The end of the Halligan came 23 days later. The explosion came at dinner time, when Chevrette decided to stay on the deck rather than retreat for a meal. Had he left the deck and gone below, he probably would not have survived.
The official Navy account attributed the explosion to the ship hitting a mine, but Chevrette still wonders if it was something else. Perhaps a "Baka bomb," a type of rocket used by the Japanese that required a suicide pilot to fly a plane. Chevrette saw many suicide bombers in the Pacific and a shipmate later said he heard a high-pitched shriek — the distinctive sound of the Baka bomb — before the explosion.
Or it could have been a Japanese submarine. Chevrette still isn't sure, nearly 70 years later.
Whatever the source, it was powerful. Debris flew 200 feet in the air, crew members were killed on impact and the ship smoldered.
Submerged in the water, Chevrette immediately wondered if he would ever return home. He was heartened to see others saved, but wondered if rescue boats were overlooking him. The survivors chatted with one another in the water. One shipmate, speaking with a deep southern accent, told Chevrette and others to come visit him in Alabama.
"Yeah, let's get the hell out of the water first," Chevrette answered.

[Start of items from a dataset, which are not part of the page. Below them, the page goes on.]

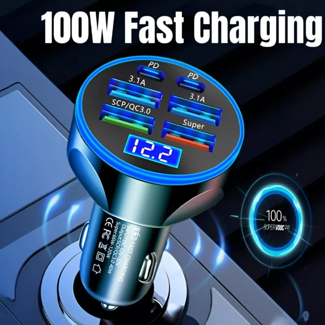 6-Port 100W USB C Car Charger with Voltage Display and Fast Charging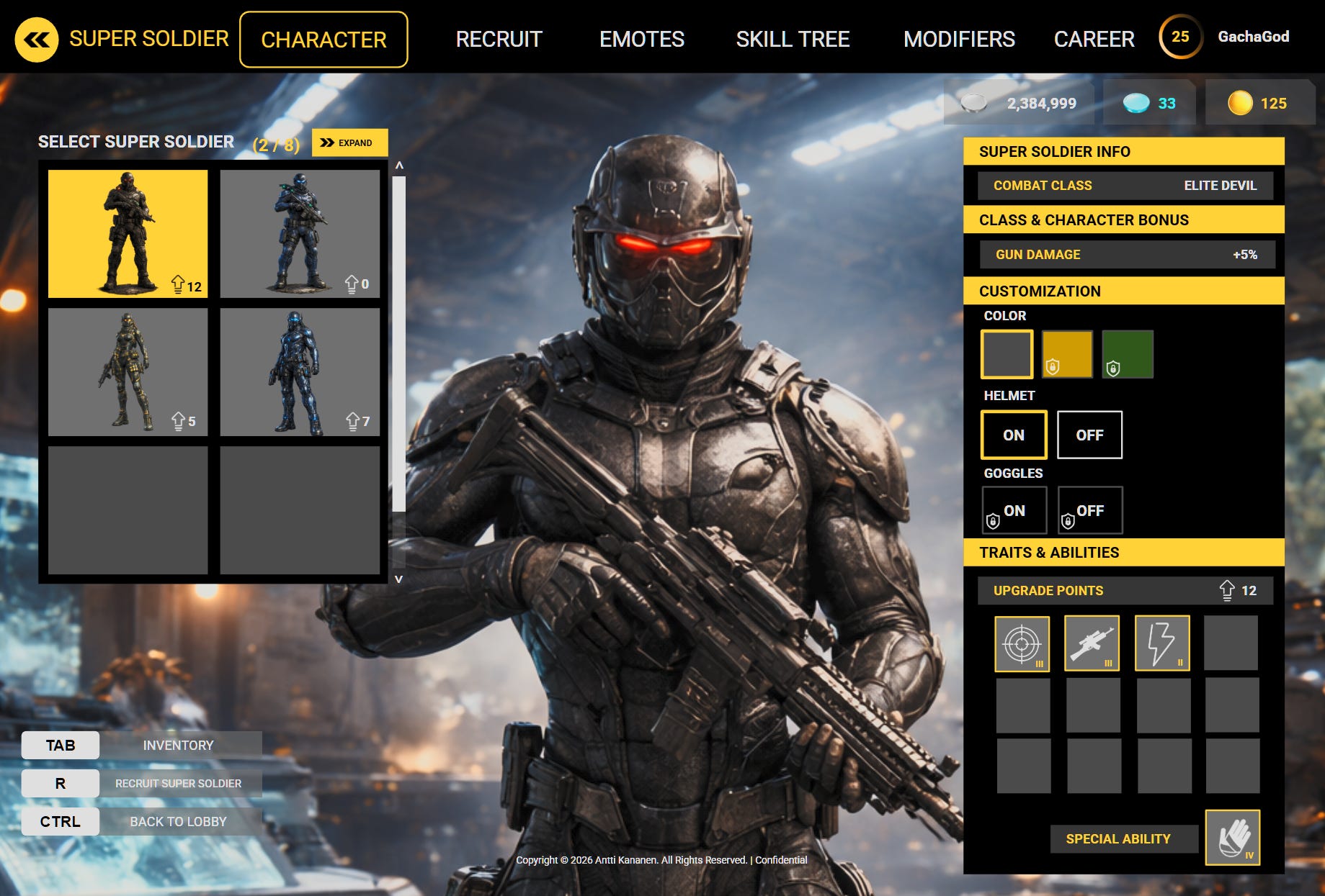 With adding e.g., Class and Roguelite systems, you get e.g.,: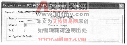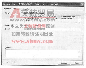 点击“Input’,选项卡,如图3-55所示。可以设置是否允许产生硬件中断(HardwareInterrupt)和诊断中断( Diagnostics Interrupt)。如果复选框中出现“√”表示允许产生中断。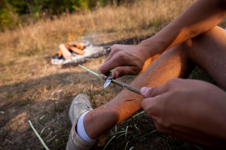 После создания зазубрин край дощечки подтачивают, чтобы он входил в топорец примерно на один сантиметр.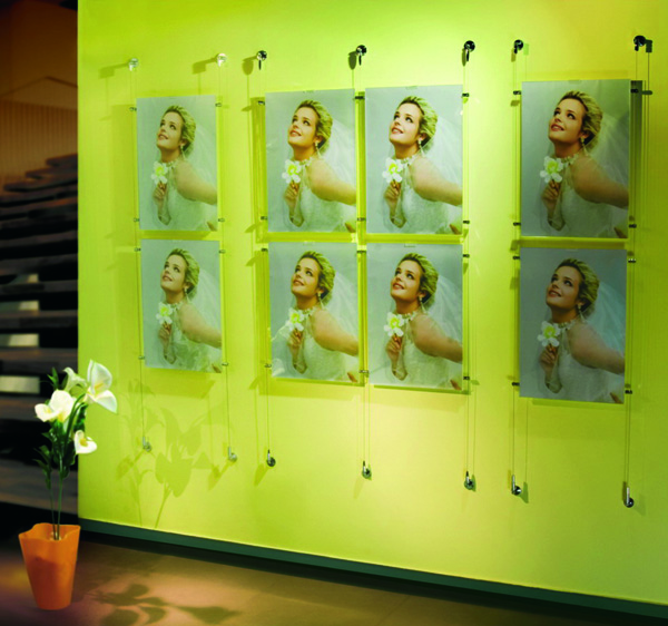 Cable Sign System F/Wall Mounting, Alu, Anodized, W/2x2 Mtr. Meters Ø1,5mm, SS Wire, 2 x Top Fixings & 2 Bottom Fixings w/Spring Tension, F/A1,A2,A3 & A4 Signs (Sign Holder To Be Bought Separately)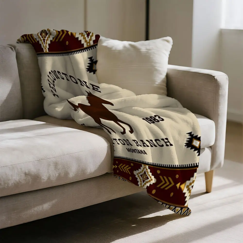 Vintage Southwest Yellowstone Ranch Design Flannel Blanket - Lightweight Soft Four Seasons Suitable, Thick Faux Fur Blanket, Bedroom Floor Blanket, Couple Custom Blanket, Extra Large Sofa Blanket,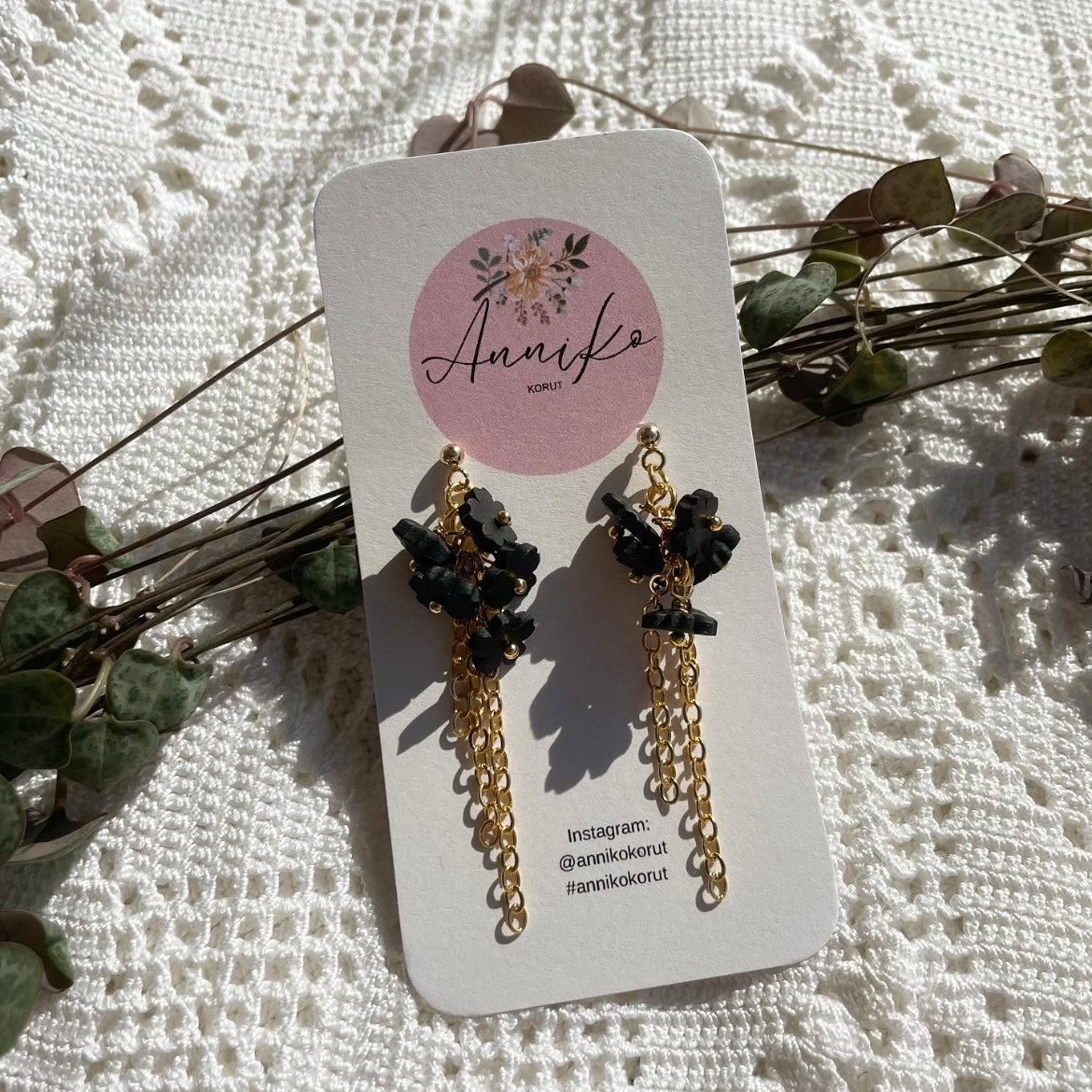 Kullattu nappikiinnitys, kullatut ketjut sekä polymeerimassasta valmistetut kukat.

Finally, the sun rose and Chevrette was rescued.
"When they picked me up, I said, 'Why the hell didn't you pick me up first?' " Chevrette said. "They were picking up guys left and right."
Chevrette would spend six months in a Naval hospital in Northern California, surrounded by other veterans suffering from the emotional impact of the war.
"A hospital [for] guys who were loose," Chevrette said."I was one of them. I must have gotten some pretty good advice and I listened to it and I survived. … Some guys didn't."
Chevrette returned to New Hampshire, but his father sent him back to a hospital 24 hours after he arrived. He wasn't emotionally ready to be home.
When the war ended, he was discharged and returned home for good. But the trauma he experienced in the Pacific Ocean haunted him. Healing began when he embraced the story, becoming the historian of the Halligan.
He built a scrapbook, collected pictures and helped organize reunions. At reunions of the Tin Can Sailors — the name used for The National association of Destroyer Veterans — Chevrette met veterans from other ships and talking about the shared experience was therapeutic. At a reunion in Washington D.C., Chevrette connected with former shipmates, some of whom he thought had died on that Sunday evening explosion in 1945.
"I wouldn't give you a nickel for another trip on the Halligan," Chevrette said. "But I wouldn't sell you the whole story for $1 million. … It's too bad. We lost some good men."